だから、みんなでこの試合を『奪い取る』気持ちで戦おう!」
「我慢」というフレーズを使ったのは、このチームには「ステイ・ハングリー、ステイ・ペイシェント、ステイ・トゥギャザー」という合言葉があるからだろう。「ハングリー精神を常に持ちつつ、我慢し続け、チームとしても一体になってプレーし続けよう」という意味のスローガンだが、桶谷HC就任前から「チームとしての一体」感はあったし、桶谷HCが来てからしっかり「我慢」は出来るようになったという自負もエースにはあった。
今村はあのスピーチの意味を、優勝後にこう明かした。
「昨シーズンも今シーズンも『我慢』という言葉を使い続けてきましたけど、ファイナルズの舞台ではそれだけでは勝てません。『奪い取る』という気持ちでやれなかったことが、今まで琉球ゴールデンキングスがチャンピオンを取れなかった一つの要因だったのかなと思っていたからです」
とりわけ、77-77で規定の40分間を終えたあと、2度の延長戦までもつれ込んだGAME1では、2度目の延長戦の立ちあがりに今村が決めた3Pシュートが、勝利をたぐり寄せる決定的な一撃となった。というのも、1度目の延長戦では両チームの選手たちが疲労に苦しみ、シュートが短くなり、リングの手前側で跳ね返されているシーンが続出していたからだ。その時間帯を乗り越えた後に放たれたあの3Pシュートは、技術ではなく、「タイトルを奪い取る」というエースの覚悟が決めさせた一撃だった。
「佳太はこのチームのエース。エースが最後に仕事をしないと! これ(*昨年阻まれたファイナルズの壁)を佳太が乗り越えたら日本一になるんだ!」
桶谷HCからそう言われていた今村は、敗戦を成長するためのモチベーションへと変えられるエースだった。だから、栄光をつかみとれた。
もちろん、エースだけではない。指揮官もまた、敗戦から学んでいた。
今回のファイナルズで顔をあわせたジェッツは、名実ともにBリーグ史上最強のチームだ。彼らの歴代の勝利数と獲得タイトル数はリーグ最多。
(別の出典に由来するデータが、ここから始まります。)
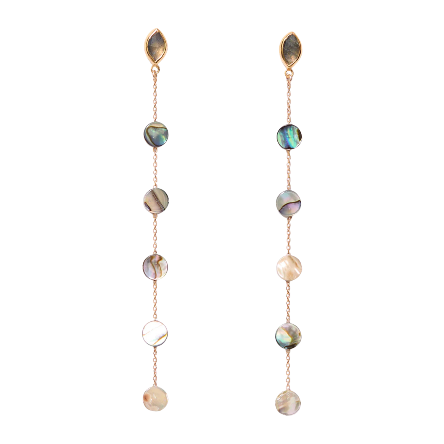 The Gwen Earring features labradorite marquise posts and abalone circles dotted along dainty gold chain.

そして、今シーズンはBリーグ史上最多勝利数と、24連勝という新記録も樹立している。
そんなチームを倒せた要因は、ディフェンスの力だ。
そして、そのディフェンスのメインテーマとなったのが、ジェッツの得意とする3Pシュートを抑えることだった。
まず、キングスが敗れた今年の天皇杯決勝とレギュラーシーズンの4月1日の試合、それからギュラーシーズン、プレーオフにあたるCSのセミファイナルまでのジェッツの3P成功数と成功率をそれぞれ見てみよう。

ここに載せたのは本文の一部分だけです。